Their citation is the 2013 Lancet article by the CNT collaboration (including Cochrane group’s usual suspects Bombardier * and Tugwell), systematically reviewing trials for adverse events associated with NSAIDs, which are fortunately rare during the monitored period. Especially since the inclusion criteria for arthritic participants precludes existing cardiovascular disease – hardly representative of real patient’s co-morbidities! The breakdown in a supplementary report shows that in fact 200mg has an indeterminate risk, but volunteers testing 400 should be nervous, and those on 800mg must be wondering about misplaced trust and whether insurance is paid up. A similar result during a trial of pain relief for colorectal cancer on 2,000 patients caused the safety committee to terminate, even though the elevated risk for those on only 200mg was non-significant. The Forest plot shown is named for its ability to show with confidence the wood amongst the trees, aggregating many trial results and weighting the risk according to their studies’ reliability.
celebrexOK
Vioxx, or rofecoxib COX-2 inhibitor scandal of FDA corruption and pharma coverup of heart attacks during trials was summarized by the court trial statement of “malicious, oppressive, and outrageous” conduct. Every suspicion of misconduct was confirmed. Complicit medical journals, doctors recruiting patients for ‘seeding’ of the market, and off-label promotion accompanied by false claims resulted in a settlement of $4.85bn. It’s equally easy to be fearful of Celebrex, even though Pfizer’s fight against patent expiry has conviction. Of its merit and benefit, not just the criminal convictions 😉

Along with CNT, the Safety of NSAID group meta-analysis of 25 studies found that higher dosages doubled the lower dose’s slightly increased risk of a heart attack. But declines to define where the dose cutoff lies.  The International NSAID Consensus Group think it’s good for those without elevated cardiovascular risk or with hypotension (likely to be evident in fibromyalgia and CFS). The cheque-red (sic) history of disdain for truth and ethical behavior exposed by court evidence demonstrates the need for systemic overhaul, because the truth is suppressed by industry.

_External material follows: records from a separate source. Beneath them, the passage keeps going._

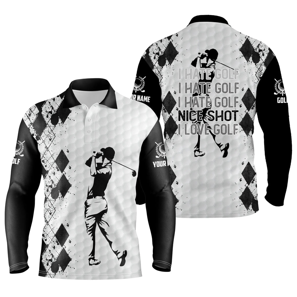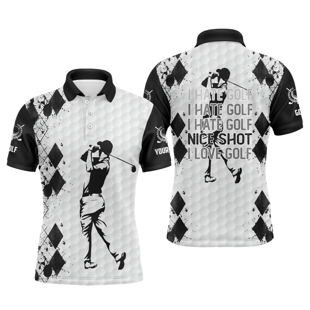 Black and white Mens golf polo shirt I hate golf nice shot I love golf custom name funny golf gifts NQS5030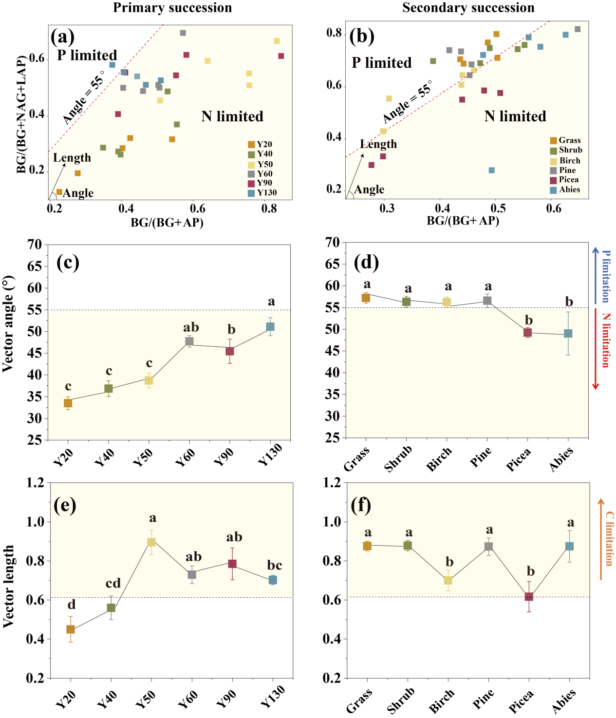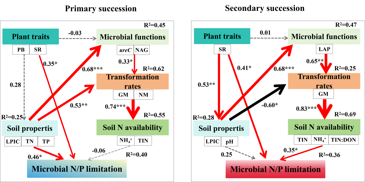 图3.原生和次生演替序列土壤微生物氮限制调控机制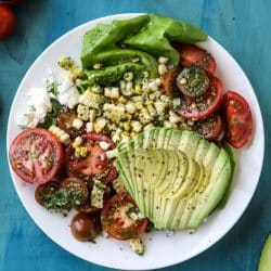 Also known as, one of my most favorite things ever. Give me all the grilled corn, tomato and avocado and drench it in a good shower of chimichurri. I am ONE happy camper. Lots of herbs too. Some cheese for good measure.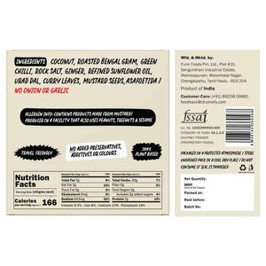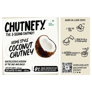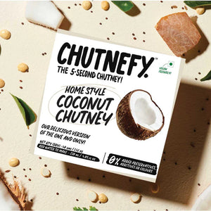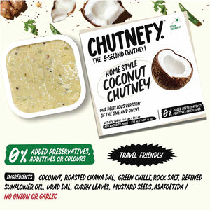 Chutnefy's Home Style Coconut Chutney is a creamy, fragrant, and incredibly flavorful condiment that starts with the essence of our beloved coconut. It's the perfect blend of fresh coconut, roasted bengal gram, a hint of spiciness from green chilies, the earthy aroma of curry leaves, and just the right amount of salt. When all these ingredients come together, it's a harmonious symphony of tastes that we all know and love.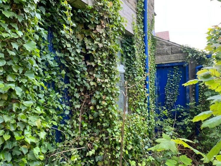 The cloakroom has a low flush WC, wash hand basin and two single glazed opaque windows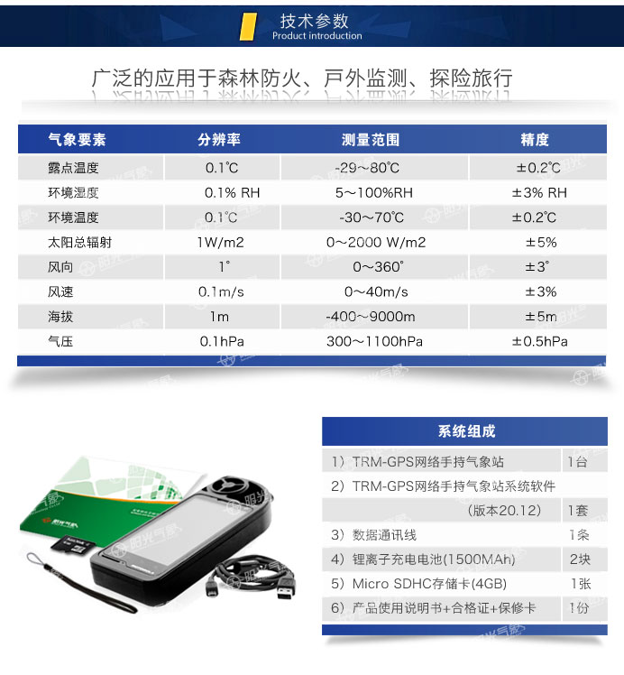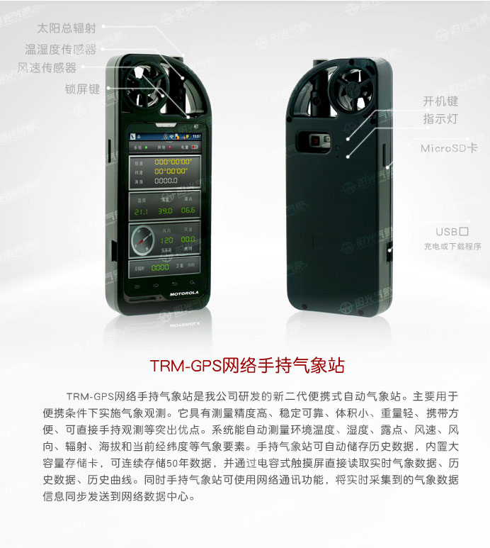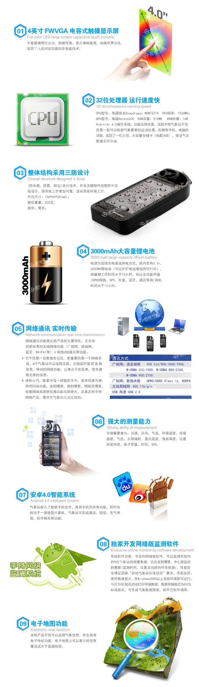 手持氣象站是我公司研發(fā)的新二代便攜式自動(dòng)氣象站。主要用于便攜條件下實(shí)施氣象觀測。它具有測量精度高、穩(wěn)定可靠、體積小、重量輕、攜帶方便、可直接手持觀測等突出優(yōu)點(diǎn)。系統(tǒng)能自動(dòng)測量環(huán)境溫度、濕度、露點(diǎn)、風(fēng)速、風(fēng)向、輻射、海拔和當(dāng)前經(jīng)緯度等氣象要素。手持氣象站可自動(dòng)儲(chǔ)存歷史數(shù)據(jù),內(nèi)置大容量存儲(chǔ)卡,可連續(xù)存儲(chǔ)50年數(shù)據(jù),并通過電容式觸摸屏直接讀取實(shí)時(shí)氣象數(shù)據(jù)、歷史數(shù)據(jù)、歷史曲線。同時(shí)手持氣象站可使用網(wǎng)絡(luò)通訊功能,將實(shí)時(shí)采集到的氣象數(shù)據(jù)信息同步發(fā)送到網(wǎng)絡(luò)數(shù)據(jù)中心。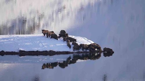 Sivas’ta yaban hayatı fotoğrafçısı Mustafa Aslan, sıfırın altında 20 derecede yaklaşık 40 domuzun tek sıra halinde suya girip karşı kıyıya geçtiği anları görüntüledi.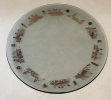 VTG Mid-Century Fred Usinger Inc Milwaukee Collectible Smokey Glass Platter Gold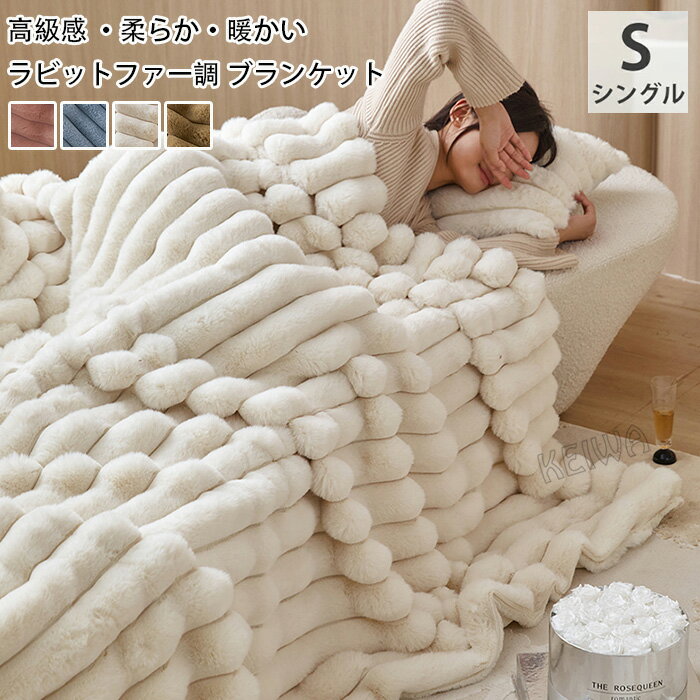 ブランケット ラビットファー調 毛布 シングル 150×200cm ソファカバー マルチカバー フェイクファー ふわふわ もこもこ 高級感 かわいい やわらか あったか 暖かい 厚手 掛け毛布 もうふ おしゃれ 北欧 インテリア 秋 冬 寝具 洗える 新生活 プレゼント
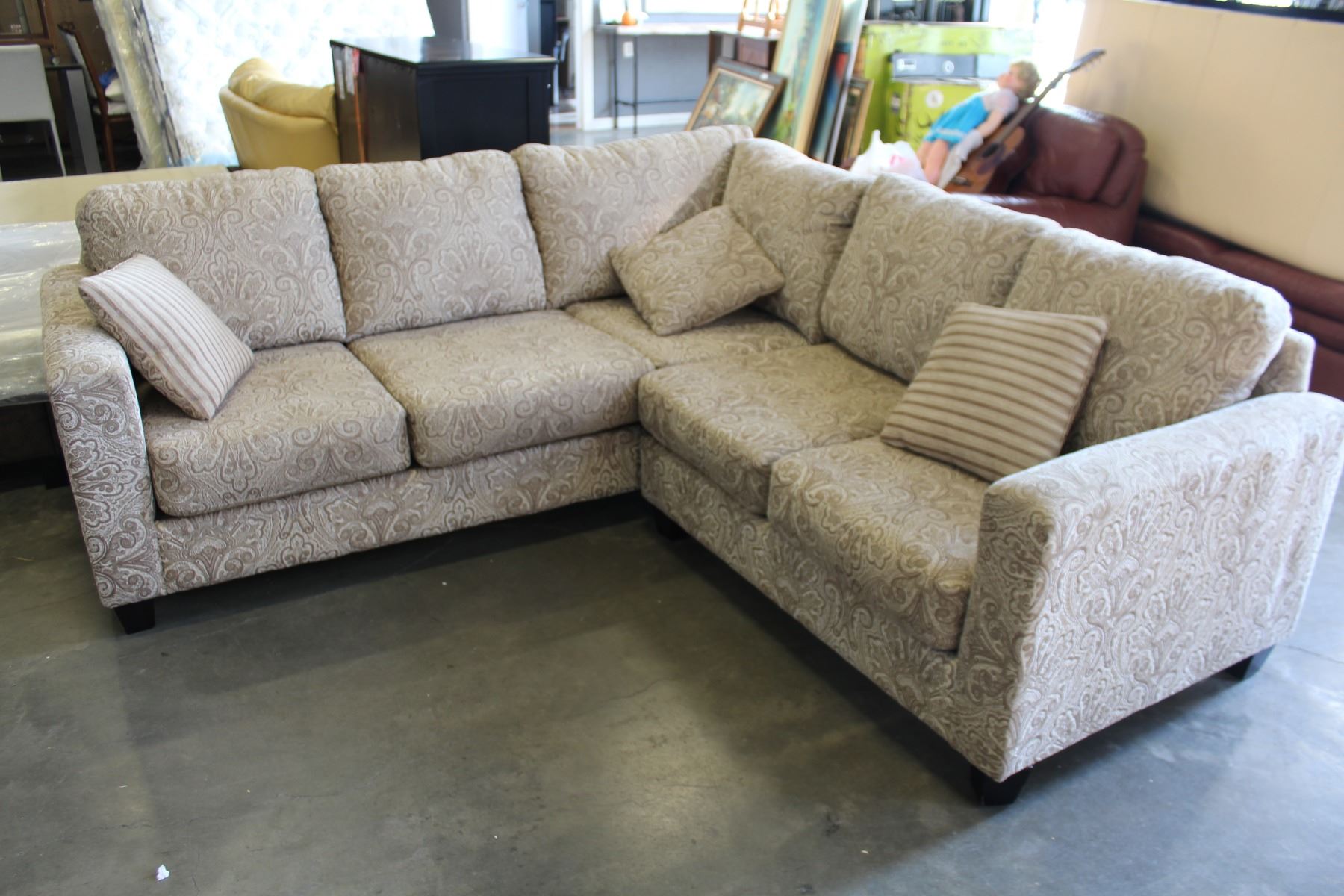 AS NEW DELUX DESIGN 2 PIECE CONTEMPORARY SECTIONAL SOFA WITH ACCENT PILLOWS

Pfizer bought celecoxib via Monsanto’s drug subsidiary Pharmacia&Upjohn along with patent rights and their falsified trial data – since internal memos described “cherry-picking” of only the favourable results (mentioned in the opening paragraph). The new owner’s marketing efforts have been formidable, but accounts department was tardy in paying bills – the drug’s original discoverer Brigham Young University only recovered royalties from Pfizer through a half $bn court settlement. Anaesthetics Professor Scott Reuben was jailed for fabricating celecoxib trial results, coincidental with his promotion of combo therapy with Lyrica or Neurontin (No! Really?) Pfizer’s sponsorship of the studies doesn’t appear in hospital financial records however, raising the possibility that funding was paid directly to the fraudster. Interestingly, only one man was responsible for complete fabrication of studies. None of his team’s research careers were affected.

A 2002 BMJ article addressed fear of ulcers, independently reviewing studies on 15,000 participants. It was co-authored by Pfizer associate director of R&D. And omitted to collate adverse events of a cardiovascular nature ie those likely to kill you, since ”… While it is important to evaluate this concern, this was not possible here as the celecoxib trials we included did not report outcomes comparable with those assessed in Vioxx Gastrointestinal Outcomes Research.”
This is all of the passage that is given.